*Task directions*: Copy without pictures. Please restate each line of the listing exactly.

*Data excerpt*:
BEGIN

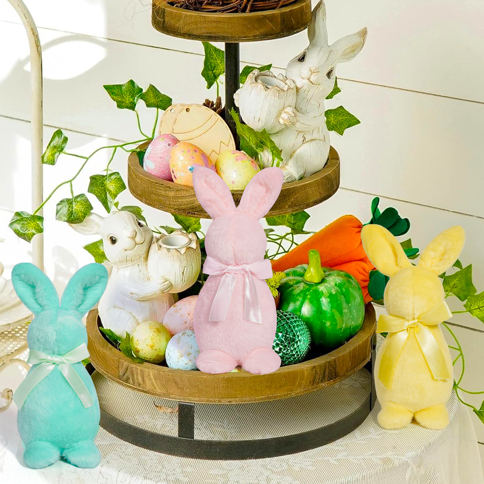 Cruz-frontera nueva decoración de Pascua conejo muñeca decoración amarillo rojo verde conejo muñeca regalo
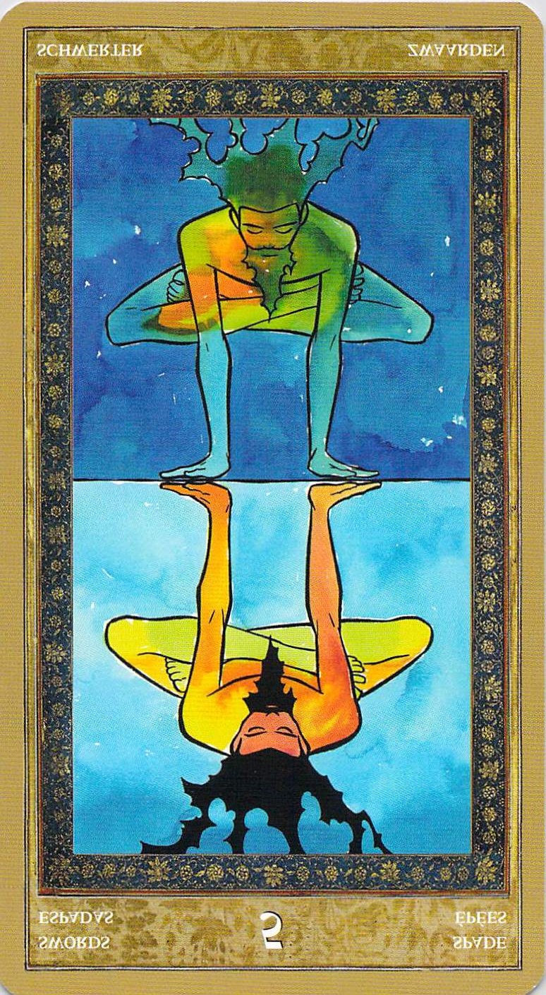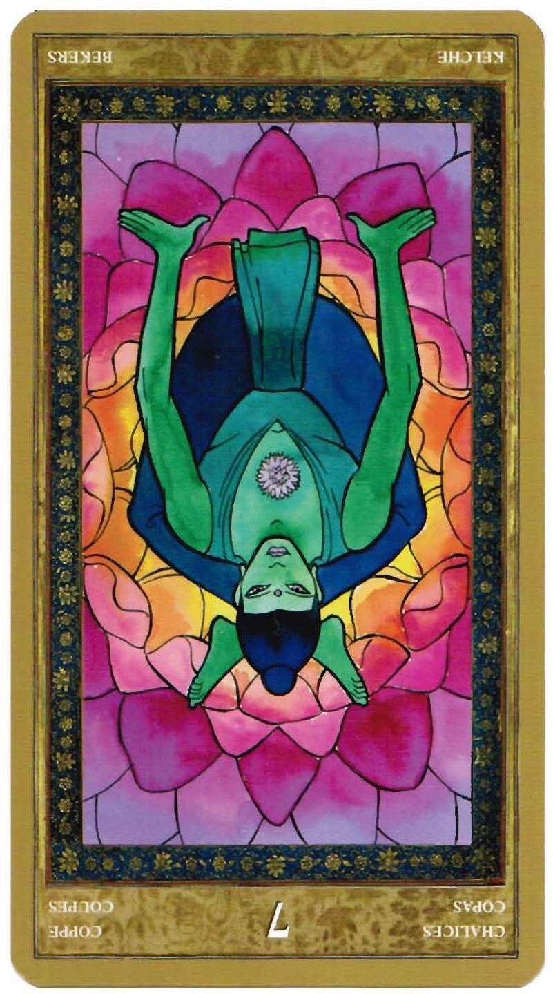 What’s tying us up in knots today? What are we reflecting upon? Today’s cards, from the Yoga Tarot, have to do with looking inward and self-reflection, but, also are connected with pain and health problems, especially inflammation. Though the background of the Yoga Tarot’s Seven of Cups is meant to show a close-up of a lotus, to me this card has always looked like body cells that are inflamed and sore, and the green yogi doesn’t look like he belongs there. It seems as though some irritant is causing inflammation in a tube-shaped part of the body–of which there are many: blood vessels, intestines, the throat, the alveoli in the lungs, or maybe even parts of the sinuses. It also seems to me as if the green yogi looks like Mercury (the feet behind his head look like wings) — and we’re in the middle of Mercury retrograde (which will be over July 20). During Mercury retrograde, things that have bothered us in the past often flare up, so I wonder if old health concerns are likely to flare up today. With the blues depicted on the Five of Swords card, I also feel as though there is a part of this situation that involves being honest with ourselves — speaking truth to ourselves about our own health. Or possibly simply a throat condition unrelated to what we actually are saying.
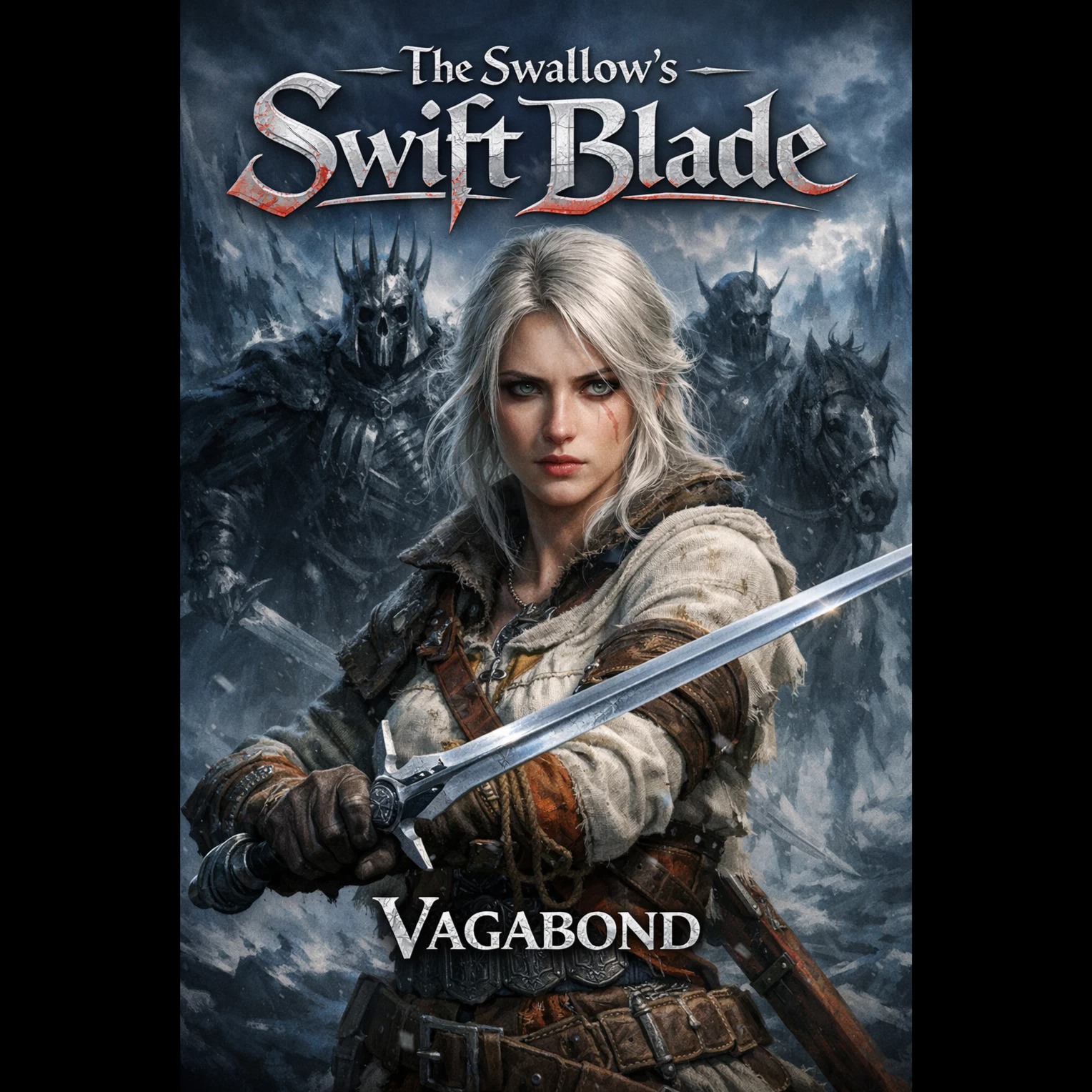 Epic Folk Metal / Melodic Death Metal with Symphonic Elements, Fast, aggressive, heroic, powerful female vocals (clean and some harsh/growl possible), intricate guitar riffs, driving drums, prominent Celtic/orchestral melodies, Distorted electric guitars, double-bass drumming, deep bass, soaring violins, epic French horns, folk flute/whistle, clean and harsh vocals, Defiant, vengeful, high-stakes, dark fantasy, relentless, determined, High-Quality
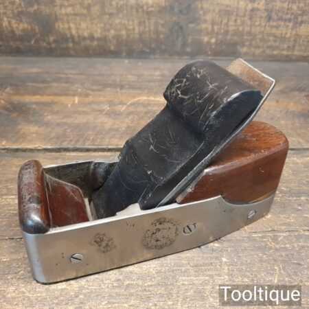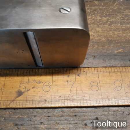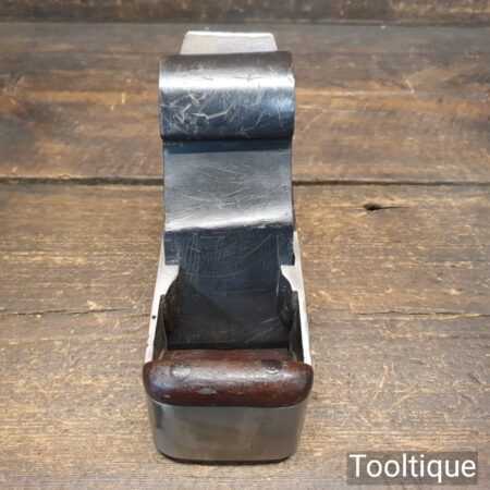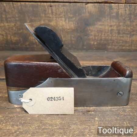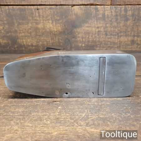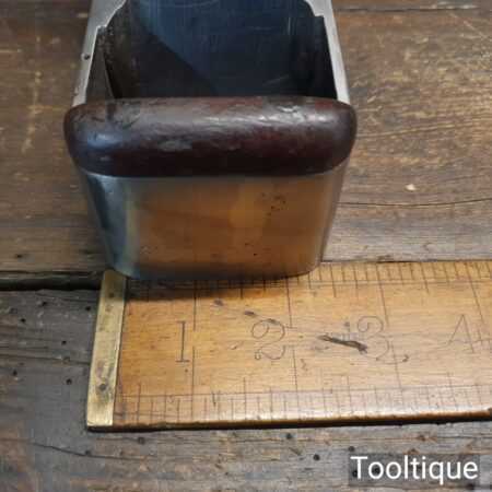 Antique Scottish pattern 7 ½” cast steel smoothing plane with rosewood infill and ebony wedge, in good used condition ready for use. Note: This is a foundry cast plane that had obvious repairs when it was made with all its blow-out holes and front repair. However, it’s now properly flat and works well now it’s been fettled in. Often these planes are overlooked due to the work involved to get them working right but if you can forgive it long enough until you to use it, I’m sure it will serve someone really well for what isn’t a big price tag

END

*Result of the task*:
 Cruz-frontera nueva decoración de Pascua conejo muñeca decoración amarillo rojo verde conejo muñeca regalo
 What’s tying us up in knots today? What are we reflecting upon? Today’s cards, from the Yoga Tarot, have to do with looking inward and self-reflection, but, also are connected with pain and health problems, especially inflammation. Though the background of the Yoga Tarot’s Seven of Cups is meant to show a close-up of a lotus, to me this card has always looked like body cells that are inflamed and sore, and the green yogi doesn’t look like he belongs there. It seems as though some irritant is causing inflammation in a tube-shaped part of the body–of which there are many: blood vessels, intestines, the throat, the alveoli in the lungs, or maybe even parts of the sinuses. It also seems to me as if the green yogi looks like Mercury (the feet behind his head look like wings) — and we’re in the middle of Mercury retrograde (which will be over July 20). During Mercury retrograde, things that have bothered us in the past often flare up, so I wonder if old health concerns are likely to flare up today. With the blues depicted on the Five of Swords card, I also feel as though there is a part of this situation that involves being honest with ourselves — speaking truth to ourselves about our own health. Or possibly simply a throat condition unrelated to what we actually are saying.
 Epic Folk Metal / Melodic Death Metal with Symphonic Elements, Fast, aggressive, heroic, powerful female vocals (clean and some harsh/growl possible), intricate guitar riffs, driving drums, prominent Celtic/orchestral melodies, Distorted electric guitars, double-bass drumming, deep bass, soaring violins, epic French horns, folk flute/whistle, clean and harsh vocals, Defiant, vengeful, high-stakes, dark fantasy, relentless, determined, High-Quality
 Antique Scottish pattern 7 ½” cast steel smoothing plane with rosewood infill and ebony wedge, in good used condition ready for use. Note: This is a foundry cast plane that had obvious repairs when it was made with all its blow-out holes and front repair. However, it’s now properly flat and works well now it’s been fettled in. Often these planes are overlooked due to the work involved to get them working right but if you can forgive it long enough until you to use it, I’m sure it will serve someone really well for what isn’t a big price tag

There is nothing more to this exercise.